Review Panel's NFP recommendations and Federal Government response
According to the joint media release from (then) Prime Minister, The Hon Kevin Rudd MP, and Treasurer, The Hon Wayne Swan MP:
In the interests of business and community certainty, the Government advises that it will not implement the following policies at any stage ..... Do any changes to the tax system that harm the not-for-profit sector, including removing the benefit of tax concessions, raising the gift deductibility threshold or changing income tax arrangements for clubs.
The Review Panel's recommendations for NFP organisations were:
- The establishment of a national charities commission to regulate and advise organisations, streamline tax concessions and to modernise and codify the definition of a charity.
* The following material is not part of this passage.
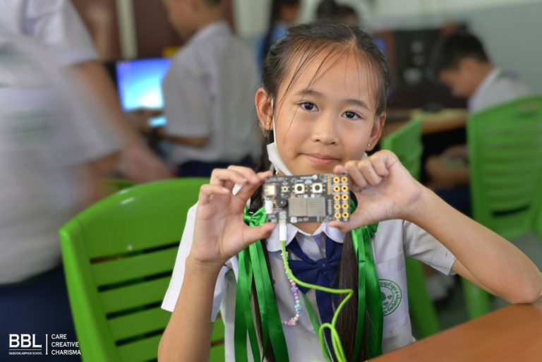 “KidBright” สื่อสอน Coding ที่ทางโรงเรียนใบบุญลำพูนนำมาสอนนักเรียน โดยเด็ก ๆ จะสามารถสร้างชุดคำสั่งได้เพียงลากบล็อกคำสั่งที่ต้องการมาเรียงต่อกันผ่านโปรแกรม KidBright IDE ซึ่งในวันนี้นักเรียนระดับชั้น ป.4/4 SMP ได้เรียนในเรื่อง “นักดนตรีน้อย” โดยการสร้างเสียงโน้ตดนตรีด้วยบัซเซอร์เสียง ที่มีอยู่บนบอร์ด KidBright เด็ก ๆ ได้สนุกกับเสียง แสง การเคลื่อนไหว

- Capped FBT concessions to be phased out over 10 years and replaced with direct government funding, as the Panel concluded that existing FBT concessions provide NFP organisations with a competitive advantage in labour markets.
- Retention of income tax and GST concessions for NFP organisations currently in receipt of these concessions, including any commercial activities conducted by such organisations, as the Panel concluded that such concessions do not violate the principle of competitive neutrality.
The superannuation measures that are of particular relevance to the NFP sector are:
- A gradual increase in superannuation guarantee (SG) rate to 12 per cent by 1 July 2019, commencing with initial increments of 0.25 percentage points on 1 July 2013 and 2014, followed by annual 0.5 percentage point increments on 1 July 2015 - 2018.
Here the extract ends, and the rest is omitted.